Recently I found my self having to recover a VM that had most of it’s files deleted. They were removed by a script that was intended to clean up a staging datastore. Unfortunately the VM in question was left on that staging datastore and the script did it’s magic.
Because the VM was powered on at the time the ESXi host that hosted the VM had locks on a VMDK -flat file and a log file and were therefore preserved. I also noticed a .hlog file, which had me worried because it is used by vCenter to track VM files that are to be removed. In other words; power off the VM and the remaining files will be removed as well. Now, to make things worse there was no recent backup of this particular VM. So returning it to a healthy state would be quite the challenge. I hoped I could simply SSH into ESXi and copy the files. Unfortunately all attempts to copy the files from within ESXi failed. I did catch a break when I learned the staging datastore was backed by a NFS export hosted on a NetApp which had snapshots enabled. That allowed me to have a copy of the files to tinker with.

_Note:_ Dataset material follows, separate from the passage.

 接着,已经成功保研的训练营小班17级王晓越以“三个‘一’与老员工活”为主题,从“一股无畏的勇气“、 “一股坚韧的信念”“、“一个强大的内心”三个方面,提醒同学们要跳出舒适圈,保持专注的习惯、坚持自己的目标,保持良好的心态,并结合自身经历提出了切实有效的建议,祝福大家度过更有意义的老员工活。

Pretty straightforward troubleshooting up until this point, right? But this is where it gets interesting. How does one recreate all relevant files for a VM when all you have is a VMDK -flat file and a log file? Well, as it turns out VMware GSS encountered this problem before because there were two knowledgebase articles that were essential in recovering this VM to a healthy state.
First I recreated the VMDK descriptor file. I used the procedure in this KB article to create a new descriptor file using vmkfstools. Recreating a missing VMware virtual machine disk descriptor file (.vmdk) (1002511)
Next I was able to generate a new VMX file using the information in the log file. This was also a very easy process that was described in detail by a KB article. Rebuilding the virtual machine’s .vmx file from vmware.log (1023880)
After I completed these two steps I was able to add the VM to vCenter without any issues and it booted like a charm.
After recovering from this situation I learned a few things:
- Don’t run VMs from a staging datastore (duh!)
- Snapshots are not backups, but can sometimes save your ass
- Never underestimate the power of VMware’s knowledgebase